The elder Summers only blinked at the sudden verbal assault. She seemed taken aback, waving a dismissive hand. “Of course I don’t believe that, dear. It’s just what I’ll tell the police.”
The frank admission took the wind out of Abby’s sails. “What?”
“It’s what I’ll tell the police,” Anastasia repeated. One hand tapped an easy rhythm against her thigh as she smiled at Dan. “I’ve often found the simplest threats to be the most effective. Don’t you agree?”
“I really wouldn’t know,” Dan said, his mouth going dry. There weren’t really any options left for him here.

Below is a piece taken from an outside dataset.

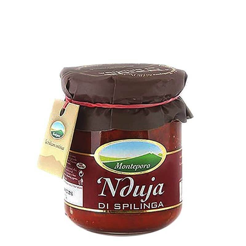 ’Nduja calabrese di Spilinga è un insaccato prodotto con carne di maiale e tanto peperoncino. Famosa per il suo sapore estremamente piccante. La carne ed il peperoncino impastati con un po' di sale, in questa versione vengono presentati come un impasto cremoso conservato in barattolo di vetro. Ideale da spalmare.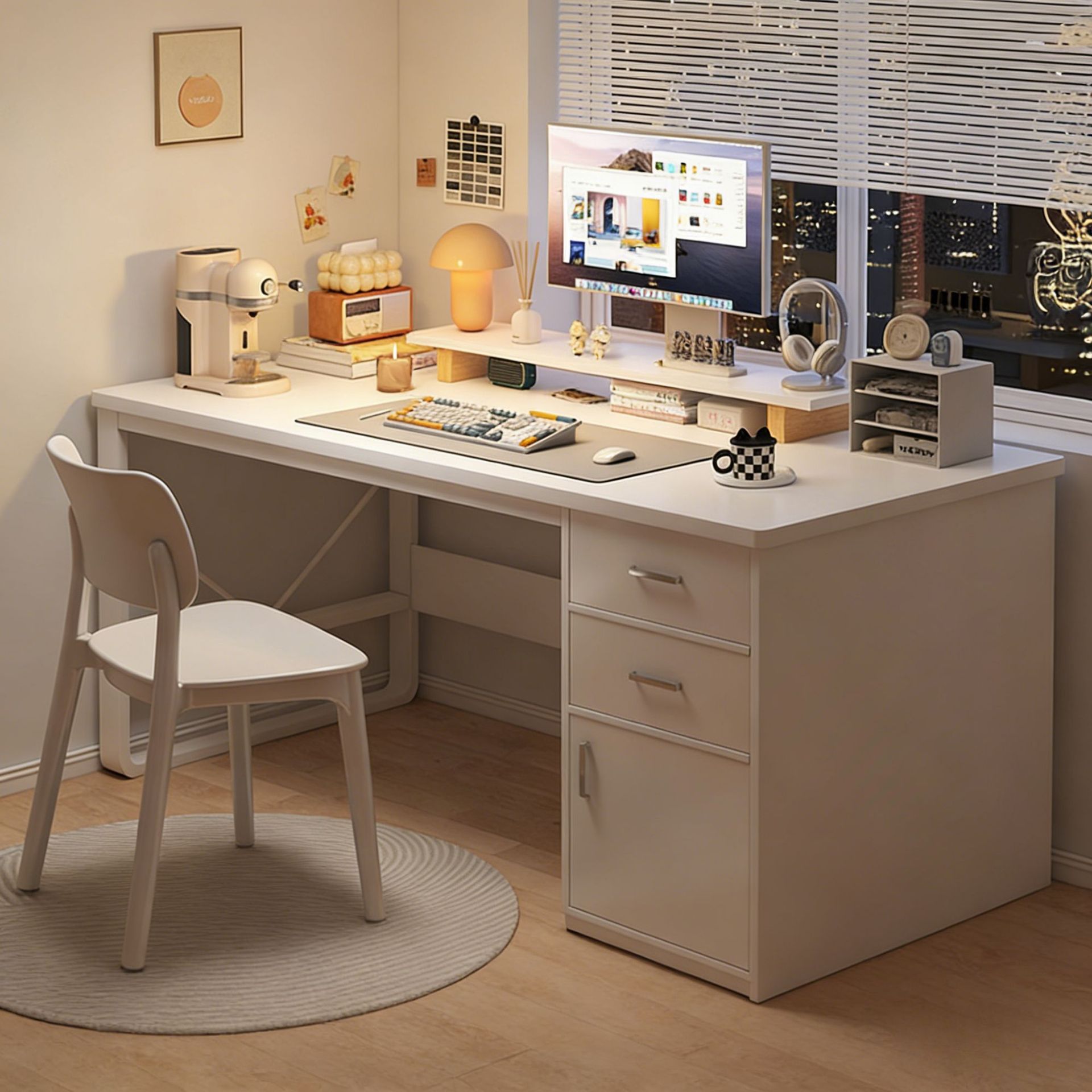 Meja komputer desktop rumah kamar tidur pelajar, meja tulis dengan laci meja staf dan kursi kombinasi meja

A thought occurred to him.
“Why do you need me to talk? You’ve clearly been bugging Abby.” He gestured to the phone that she had lobbed across the room in the aftermath of Anastasia’s phone call. What seemed like years ago had barely been half an hour.
Abby’s fury reignited. “That’s right! You said you weren’t doing that anymore!”
The old woman chuckled. “It’s a recent thing. I try very hard to give you your privacy, Abigail, and you’re very good about being safe, but your little,” she wiggled her fingers between them, clearly searching for a word. “liaison has made you sloppier than normal. I had to take measures for your own sake. To keep you safe.”
“Excuse me for having a life, grandma!” Abby snapped.
Ice blue eyes softened, and Anastasia smiled wistfully. “I don’t blame you, sweetheart. Infatuation is a wonderful thing. The rush of emotions. The passion of youth.” The smile widened. “I nearly got shot shortly after my second date with your grandfather,” she admitted. “It was sloppy. Dangerous. I don’t want you making the same mistakes.”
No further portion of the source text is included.